そして幼い内に光の精霊を宿したアンナの成長はゆっくりになっていた。
しかしレベルを上げステータスを上げる事でその成長速度は改善されるが、レベル上げを放棄したアンナはいまだに成長速度が遅いままなのだ。
それは同時にウィルの成長速度も遅くなると言う事なので、ウィルがアンナから離れる気が無いのは精霊としての務めを放棄したものと判断され、光の精霊としての格を取り上げられ、今はただの無属性精霊として存在する事になった。
故に新たな光の精霊が誕生する事になったそうだ。
「それにね、そもそも私は言うほど魔力が多くないのよ。だから肉体の成長度合いからしてまだまだステータスを上げる事は可能と言われても、私的に色々あり過ぎて今が限界なの。そうじゃないと魔導書の作成も儘ならなくなるの。私は何を犠牲にしても今の生活を守りたいって、私の完全な我儘にウィルをつき合わせて本当に申し訳ないと思ってた」
「そんな事は考えなくて良いのよ。私があなたと一緒に居る事を選んだの」
アンナとウィルが盛り上がりを見せる中、ロザリアンヌはふと思いついた疑問が頭から離れなかった。
もしかして【プリンセス・ロザリアンロード】はアンナが主人公で、そして既にバッドエンディングを迎え、今はその後の世界と言う事なのか?
だとしたら、私の知る登場人物はみんなもう既にフェードアウトしていると言う事で、これから先は私のまったく知らない世界と言う事か?

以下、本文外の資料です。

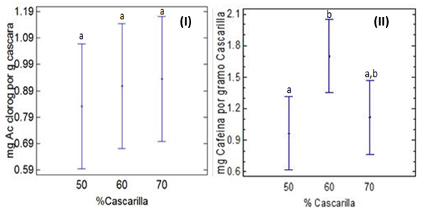 En el contenido de cafeína obtenido por el método de infusión (figura 7II) se registró que los mayores porcentajes de este compuesto se presentaron en las tisanas con un mayor porcentaje de cascarilla de café, la formulación con 60 y 70 % de cascarilla no presentó diferencia significativa entre sí (p≤0.05), por lo que se pueden considerar como tratamientos iguales. Sin embargo, los extractos obtenidos con el tratamiento a 60 % presentaron mayor cantidad de cafeína, la cual fue aproximadamente del 40 % más que la formulación con el 50 % de cascarilla.

何だか色んな疑問が頭の中を複雑にさせて、上手く考えが纏まりそうもなかった。
しかし少し冷静になってみると、そもそも元から【プリンセス・ロザリアンロード】に参加しないと決めていた。
ならばこれから先の人生はロザリアンヌの思うように生きれば良いだけだと、複雑に考えるのを止めて吹っ切る事ができた。
「私はこの子を大事にして仲良くするわ」
この先がどうなるかなんて不安を抱え考えるだけ無駄だ。
自分はこの光の精霊に愛され選ばれたのだ。
だとしたらこの先も一緒に成長して行くのみ。
(私は自分が目指す錬金術師になり、この子は光の精霊の王になるのね)
まだまだ盛り上がろうとするアンナとウィルを他所に、ロザリアンヌは自分の中に居る光の精霊に宣言したのだった。